Les filtres profonds et les échos sans fin emportent la performance d’Aya Nakamura loin des préjugés zumbesques que peut avoir le grand public concernant sa musique. Ces expérimentations se terminent sur un très bon “Deep Inside” qui paraît se tenir au bord du précipice, avec une caisse de résonance infinie.
Enfin, la rencontre plus rap se concrétise avec SCH, et c’est ainsi presque un nouveau groupe qui se forme sur “HS”. Tout paraît naturel, instinctif et facile, ouvrant aussi de nouveaux horizons pour Hamza dans un milieu purement rap.
En utilisant les bulles hallucinées d’artistes comme Kodak Black, Gunna ou Playboi Carti pour fabriquer son propre savon, Hamza crée aussi des flows inédits. Il excelle notamment sur “Gynéco” et “Meilleur” pour atteindre la folie communicative de “Jodeci Mob”.

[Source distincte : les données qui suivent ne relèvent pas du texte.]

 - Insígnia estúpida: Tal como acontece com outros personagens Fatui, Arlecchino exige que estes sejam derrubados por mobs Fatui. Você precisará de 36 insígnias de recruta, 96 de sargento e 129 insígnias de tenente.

Tous les détails et l’ambition de Paradise peuvent se résumer avec le morceau “50x”. Produit par Hamza lui-même, ce petit bijou est un hit en puissance. Son piano virevolte et convoque chants d’oiseaux exotiques ponctués de la voix de James Brown. Sans trop en faire, Hamza semble toucher du bout du doigt ce fameux paradis musical, la tête dans les nuages, entre les anges et les colibris multicolores.

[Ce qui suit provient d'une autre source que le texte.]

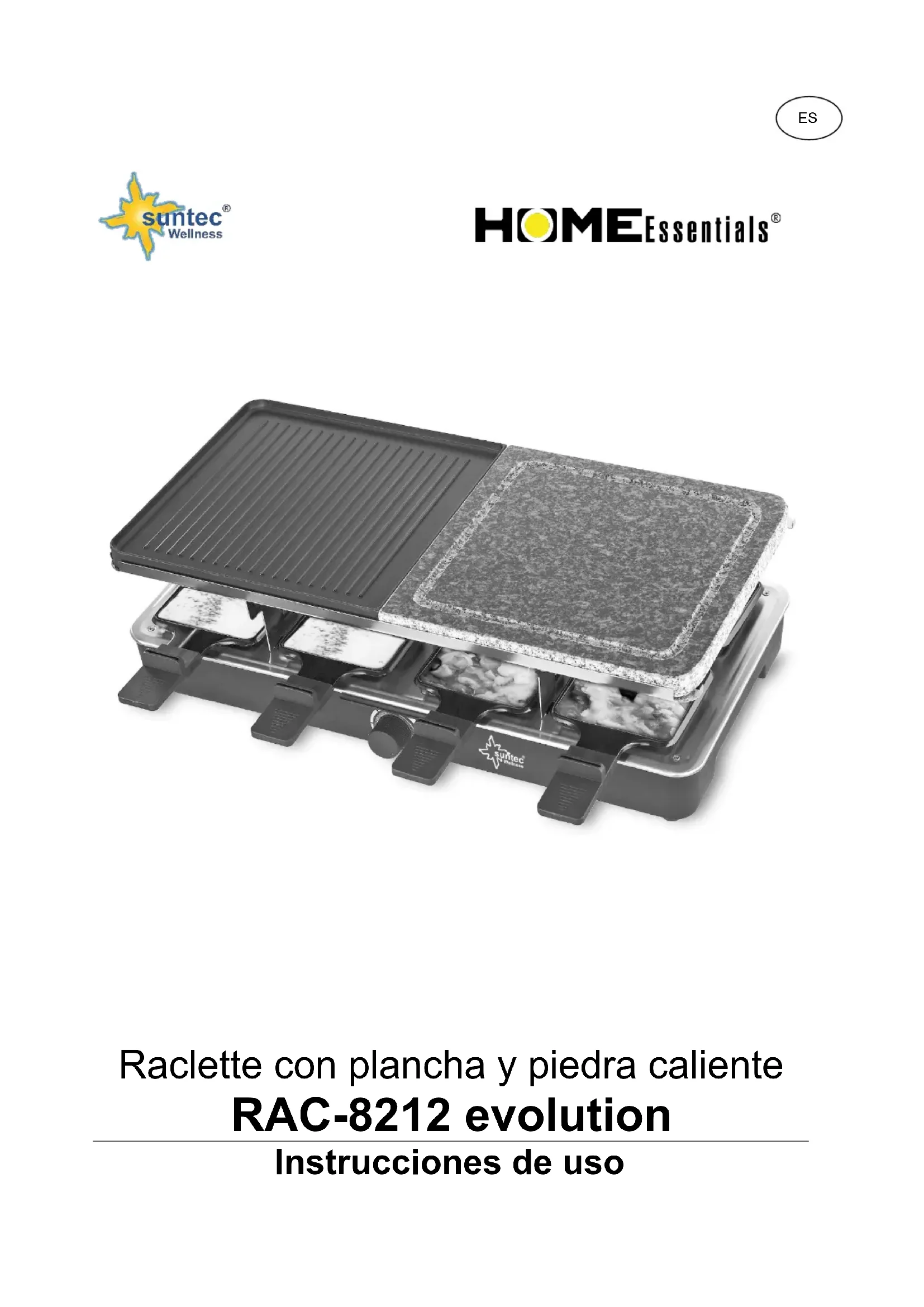 Raclette con plancha y piedra caliente RAC-8212 evolution Instrucciones de usoLe agradecemos la compra de este aparato de la marca Suntec Wellness. Antes de la primera utilización, por favor lea cuidadosamente el manual. Guardarlo para futuras referencias y al lado de su nuevo propietario, si le da el aparato a otra persona. Indicaciones de seguridad Este aparato puede ser utilizado por niños a partir de 8 años de edad y por personas con capacidades físicas, sensoriales o mentales disminuidas o con experiencia o conocimientos escasos, si lo hacen bajo supervisión o han sido instruidos en el uso seguro del aparato así como en los peligros que entraña. No deje que los niños jueguen con el aparato. La limpieza y el mantenimiento por cuenta del usuario no deben ser realizados por niños sin supervisión. Los niños menores de 3 años que no estén bajo supervisión permanente no deberán poder tener acceso al aparato. Los niños mayores de 3 años y menores de 8, únicamente deberán encender y apagar el aparato cuando este esté situado o instalado en su posición de uso normal, hayan sido instruidos en lo concerniente al uso seguro del aparato, están supervisados y hayan comprendido los posibles riesgos. Los niños mayores de 3 años y menores de 8, no deberán conectar el aparato a la toma de corriente, regularlo, limpiarlo ni realizar su mantenimiento.

Paradise est un album de plongée euphorique sans fin. Il paraît qu’avec la pression et le manque d’oxygène, les plongeurs en route vers les abysses sentent un instant de plénitude avant la fin. Hamza est peut-être le véritable Jean-Marc Barr de notre génération : sur Paradise, il a visiblement décidé de partir vivre avec les dauphins. “Henny me noie.”